Ever wanted to build your own RAG search over Youtube videos? Well, now you can! This n8n template shows how you can build a very capable Youtube search engine powered by Apify, Qdrant and your LLM of choice to quickly and efficiently browse over many videos for research.
I originally started to template to ask questions on the "n8n @ scale office-hours" livestream videos but then extended it to include the latest videos on the official channel.
Check out a demo here: https://jimleuk.app.n8n.cloud/webhook/n8n_videos
How it works
- Stage 1 is to collect the Youtube video transcripts and push them into a vector database. For this, I've used Apify to scrape Youtube and Qdrant to store the embeddings.
- Transcripts are broken down into smaller chunks and carefully tagged with metadata to assist in later search and filtering.

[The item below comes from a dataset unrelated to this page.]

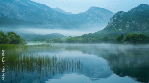Calm lake with misty mountains.
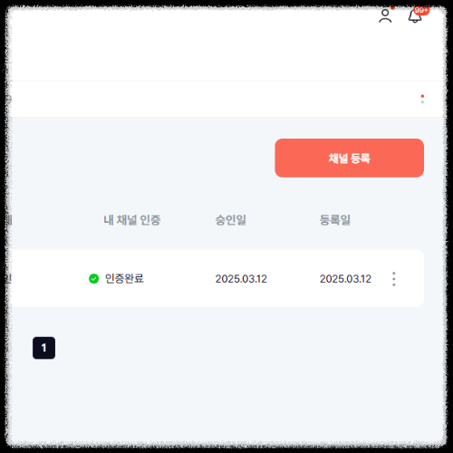 화면으로 이동했다면 우측 상단에 위치하고 있는 [채널 등록] 버튼을 선택해 주도록 하자.

- Stage 2 is to build a web frontend for the user to query the vectorised transcripts. I'm using a webhook to serve a simple web app and API to dynamically fetch the results.
- When searching for a video, I've opted to use Qdrant's search groups API which in this use-case, performs better as it returns a wider range of videos results.
- In the web frontend, when the user clicks on the results, the matching Youtube video plays in an embedded video player.
How to use
- Once credentials are all set, first run steps 1 - 3 to populate your vector store.
- Next, set the workflow to active to expose the web frontend. Visit the webhook URL in your browser to use it.
- If only for personal use, you may want to remove the rate limiting mechanism in step 4.
Requirements
- Apify for Youtube Channel and Video Scraping
- Qdrant for Vector store
- OpenAI for LLM and Embeddings
Customising the template
- Not interested in official n8n videos? Swap to a different channel - this template will work on many as long as videos are not private or set to prevent embeds.
- Technically any vector store should work but may not have the same grouping API. Use the simple vector store node and revert back to basic searching instead.